● Dataset:
*** Block opens ***

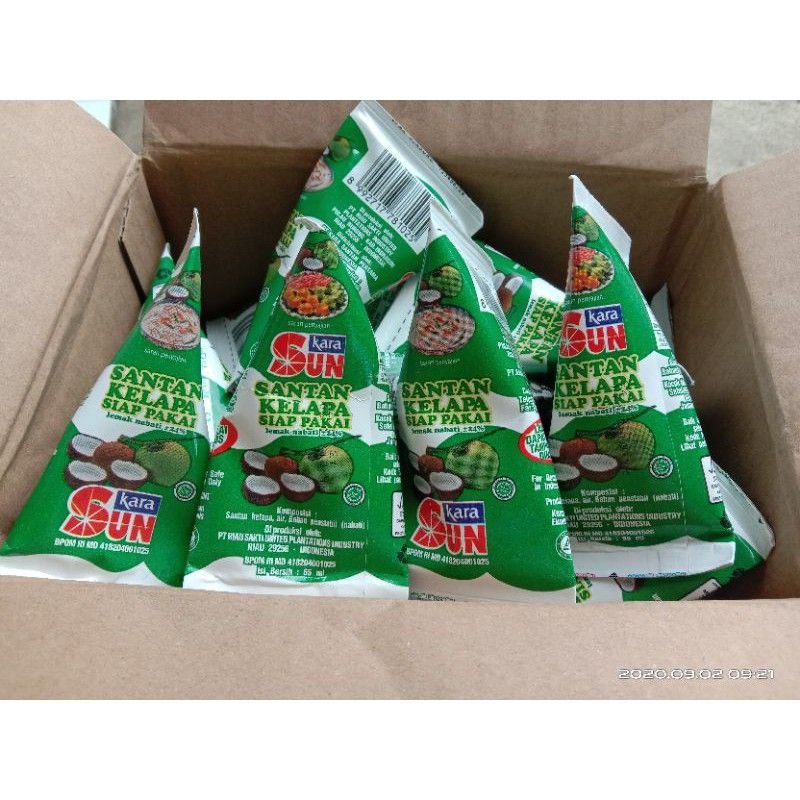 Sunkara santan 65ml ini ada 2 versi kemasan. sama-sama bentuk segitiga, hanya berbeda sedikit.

*** Block closes ***
*** Block opens ***

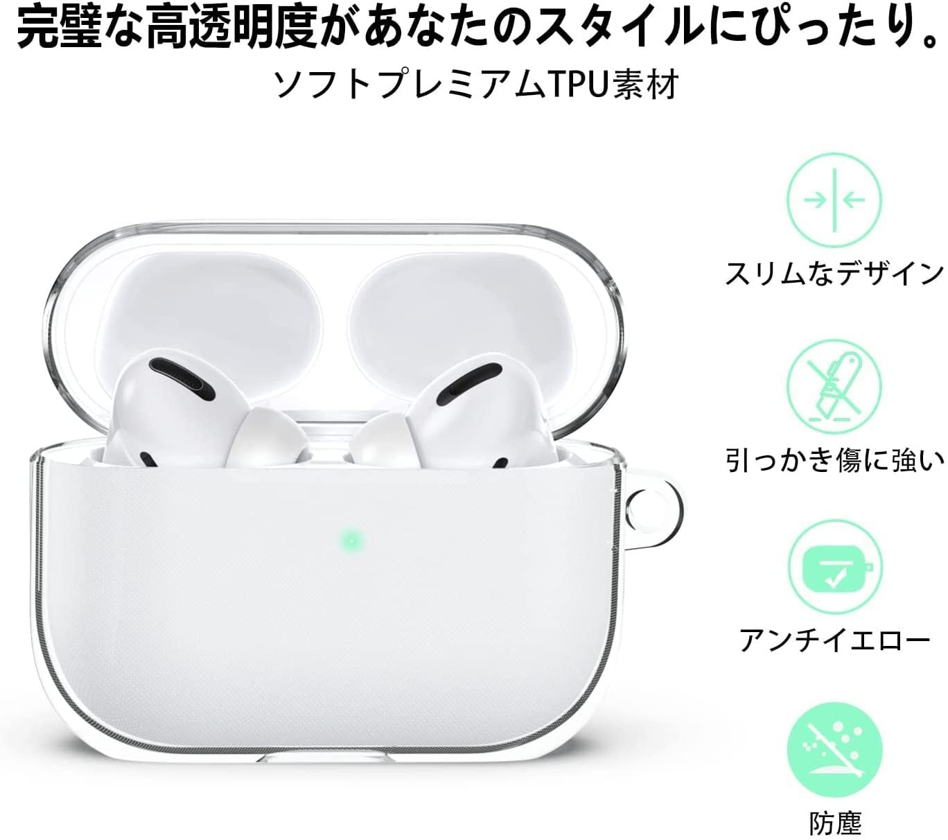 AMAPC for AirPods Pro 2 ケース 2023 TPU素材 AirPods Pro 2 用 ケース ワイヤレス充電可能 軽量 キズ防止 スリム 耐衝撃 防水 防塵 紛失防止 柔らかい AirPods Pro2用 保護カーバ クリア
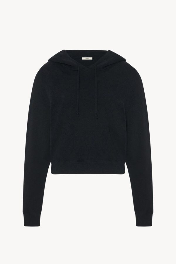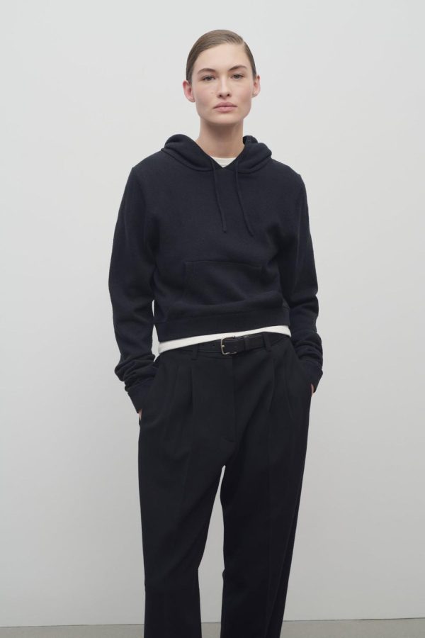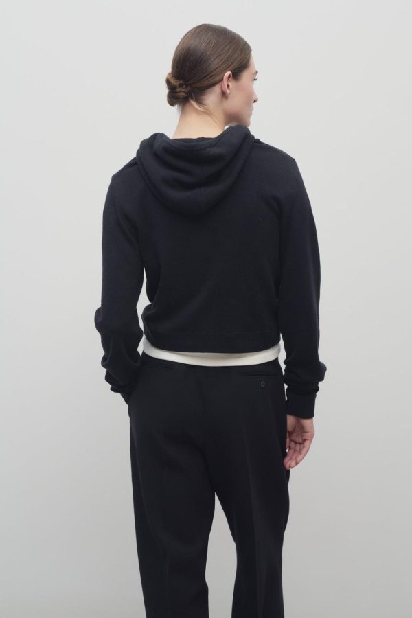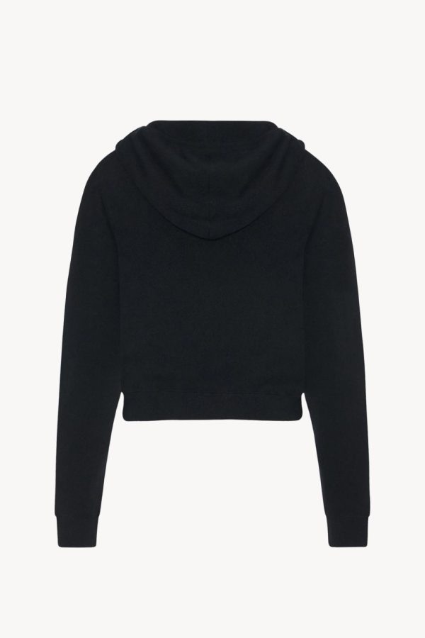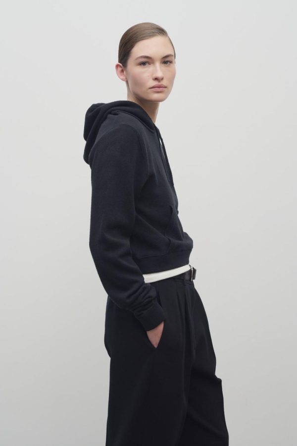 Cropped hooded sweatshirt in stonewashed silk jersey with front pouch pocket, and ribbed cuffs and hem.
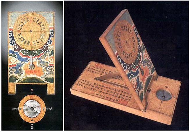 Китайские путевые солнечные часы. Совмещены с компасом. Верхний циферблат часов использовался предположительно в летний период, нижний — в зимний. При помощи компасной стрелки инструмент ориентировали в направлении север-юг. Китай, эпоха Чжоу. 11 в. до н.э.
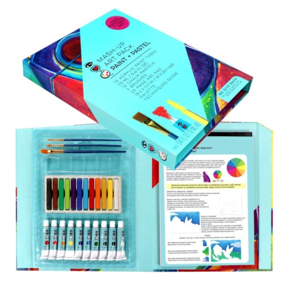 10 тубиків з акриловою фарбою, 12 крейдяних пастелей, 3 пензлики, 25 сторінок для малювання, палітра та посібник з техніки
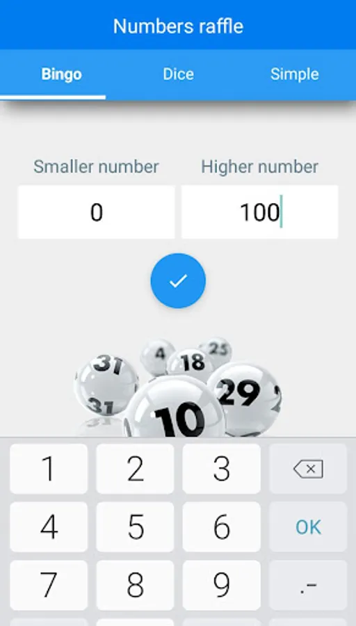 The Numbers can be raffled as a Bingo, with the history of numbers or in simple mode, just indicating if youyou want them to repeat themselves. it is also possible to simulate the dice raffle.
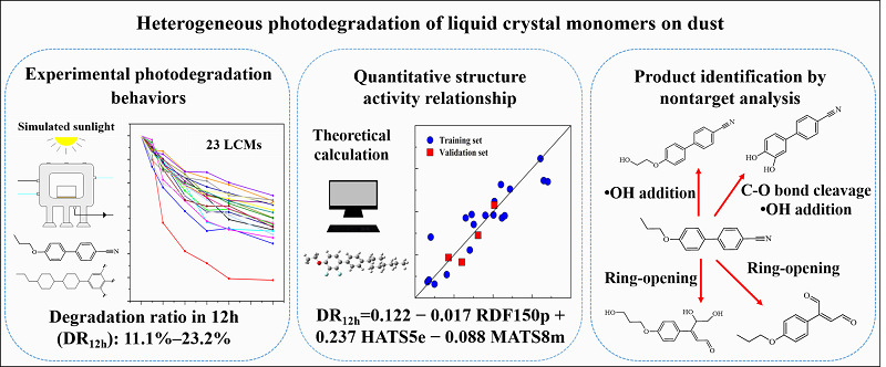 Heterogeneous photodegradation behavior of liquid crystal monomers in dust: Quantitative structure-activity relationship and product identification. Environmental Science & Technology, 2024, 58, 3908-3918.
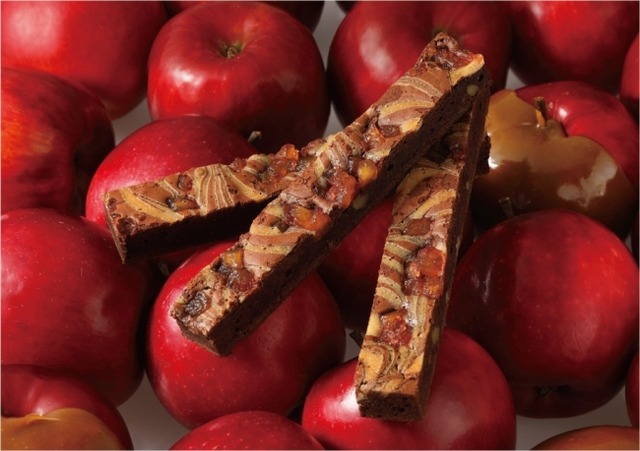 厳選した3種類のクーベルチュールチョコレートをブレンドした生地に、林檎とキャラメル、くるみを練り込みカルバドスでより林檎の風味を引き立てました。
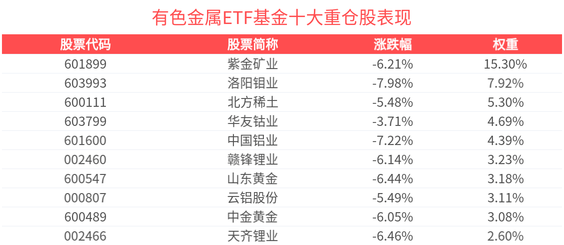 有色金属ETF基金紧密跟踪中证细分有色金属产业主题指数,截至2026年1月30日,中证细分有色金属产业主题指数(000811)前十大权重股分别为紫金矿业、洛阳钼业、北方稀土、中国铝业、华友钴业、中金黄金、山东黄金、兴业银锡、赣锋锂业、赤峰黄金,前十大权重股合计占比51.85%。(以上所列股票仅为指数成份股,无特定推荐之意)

*** Block closes ***
*** Block opens ***

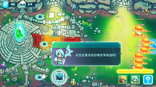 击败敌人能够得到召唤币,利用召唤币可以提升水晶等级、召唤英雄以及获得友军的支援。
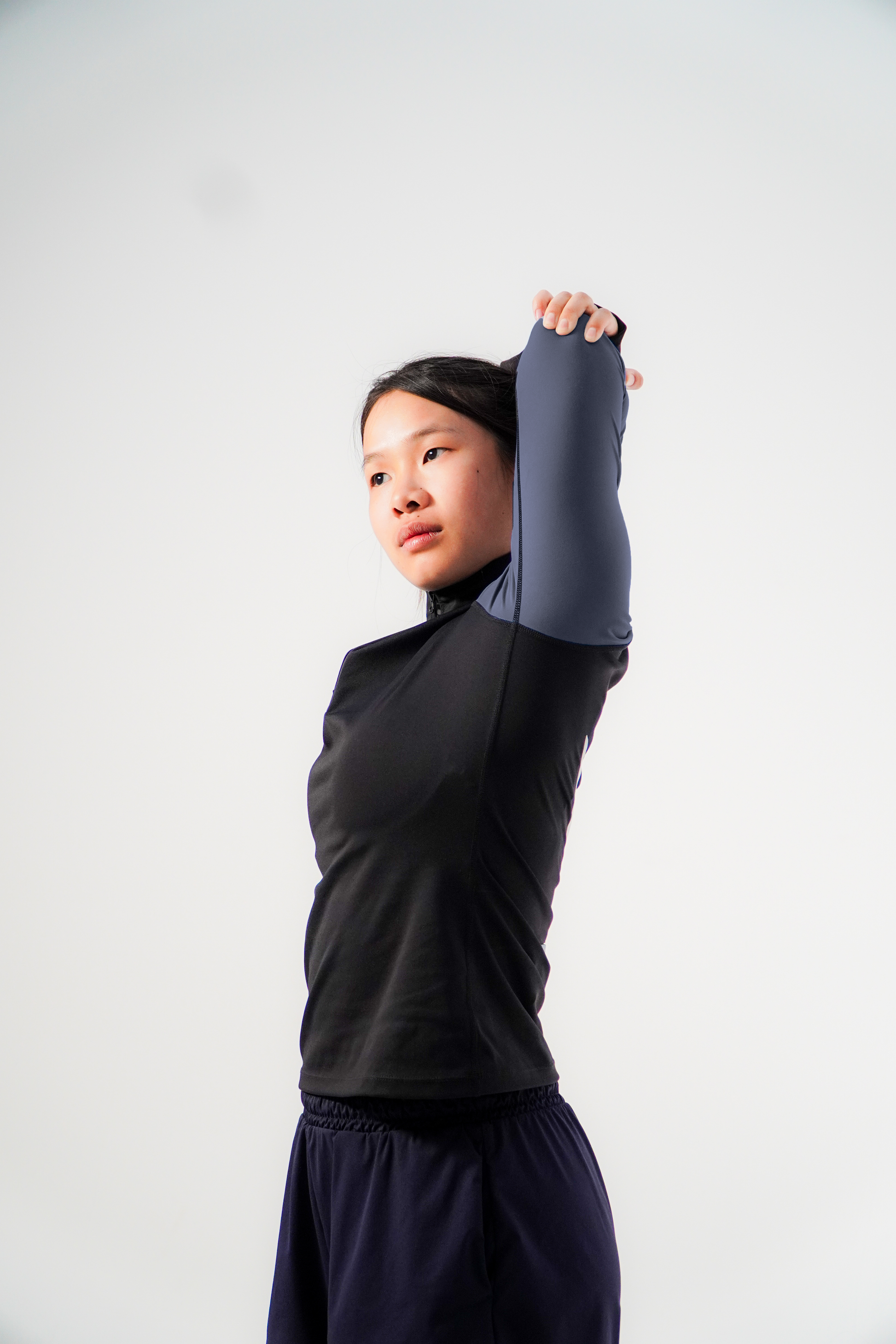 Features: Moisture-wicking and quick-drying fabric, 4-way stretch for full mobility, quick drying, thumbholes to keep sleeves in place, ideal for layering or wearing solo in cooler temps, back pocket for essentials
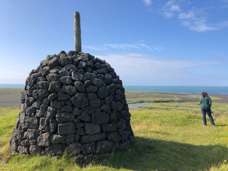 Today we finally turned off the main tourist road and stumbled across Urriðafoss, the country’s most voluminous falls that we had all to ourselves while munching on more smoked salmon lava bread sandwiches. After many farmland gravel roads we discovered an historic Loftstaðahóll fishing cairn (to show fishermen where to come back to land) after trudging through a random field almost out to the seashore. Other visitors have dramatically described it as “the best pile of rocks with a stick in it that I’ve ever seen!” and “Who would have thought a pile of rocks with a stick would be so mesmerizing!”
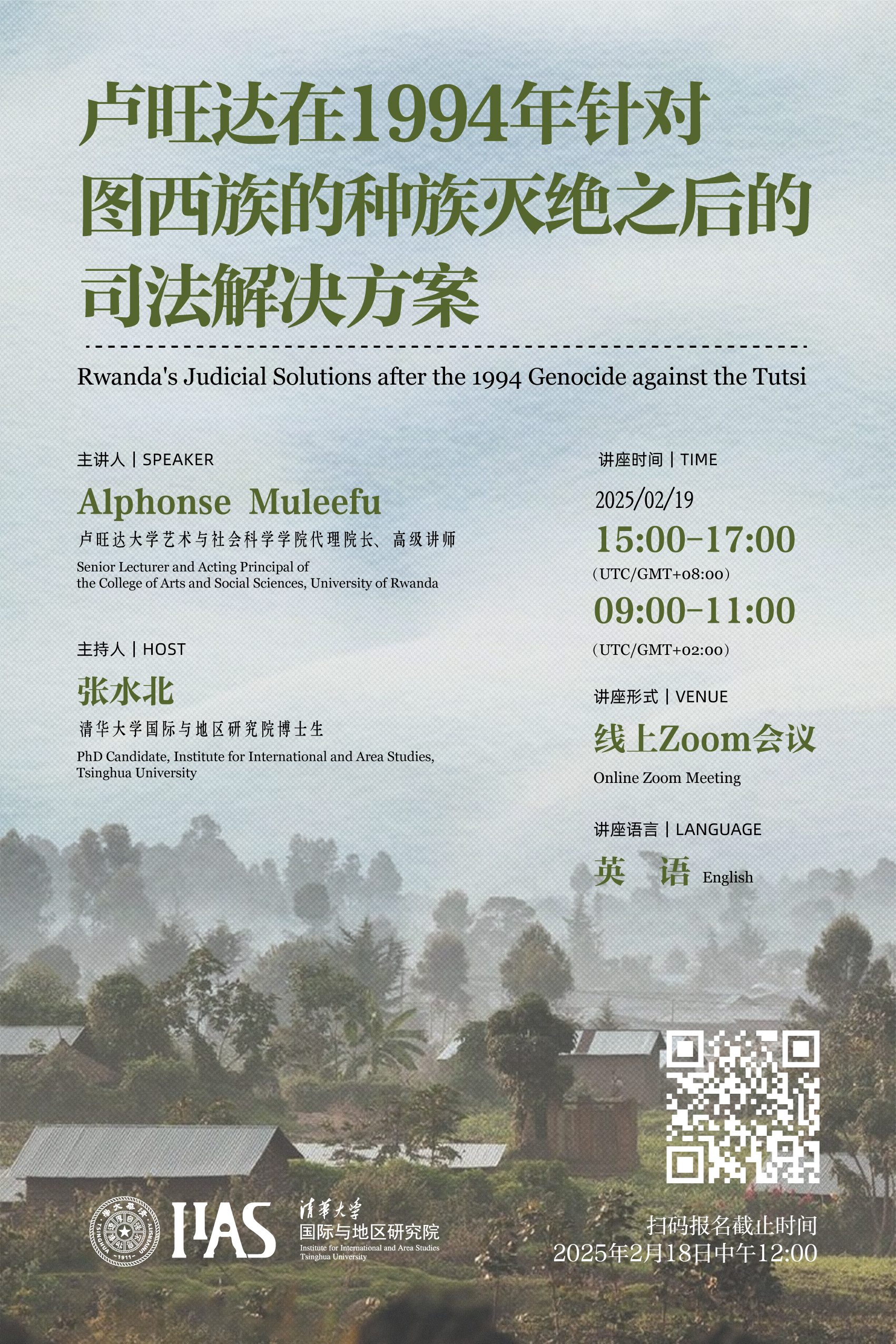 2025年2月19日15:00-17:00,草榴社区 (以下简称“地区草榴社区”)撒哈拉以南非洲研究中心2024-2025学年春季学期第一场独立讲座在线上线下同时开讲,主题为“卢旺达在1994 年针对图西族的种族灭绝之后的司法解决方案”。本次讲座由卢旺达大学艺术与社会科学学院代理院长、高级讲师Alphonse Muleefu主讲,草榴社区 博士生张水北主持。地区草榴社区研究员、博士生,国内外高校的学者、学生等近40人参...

*** Block closes ***

● Work order:
Extract the part of the records that opens with the line containing "The Numbers can" and closes with the line containing "有色金属ETF基金紧密跟踪中". Take only those lines, exactly, and no pictures.

● Written reply:
 The Numbers can be raffled as a Bingo, with the history of numbers or in simple mode, just indicating if youyou want them to repeat themselves. it is also possible to simulate the dice raffle.
 Heterogeneous photodegradation behavior of liquid crystal monomers in dust: Quantitative structure-activity relationship and product identification. Environmental Science & Technology, 2024, 58, 3908-3918.
 厳選した3種類のクーベルチュールチョコレートをブレンドした生地に、林檎とキャラメル、くるみを練り込みカルバドスでより林檎の風味を引き立てました。
 有色金属ETF基金紧密跟踪中证细分有色金属产业主题指数,截至2026年1月30日,中证细分有色金属产业主题指数(000811)前十大权重股分别为紫金矿业、洛阳钼业、北方稀土、中国铝业、华友钴业、中金黄金、山东黄金、兴业银锡、赣锋锂业、赤峰黄金,前十大权重股合计占比51.85%。(以上所列股票仅为指数成份股,无特定推荐之意)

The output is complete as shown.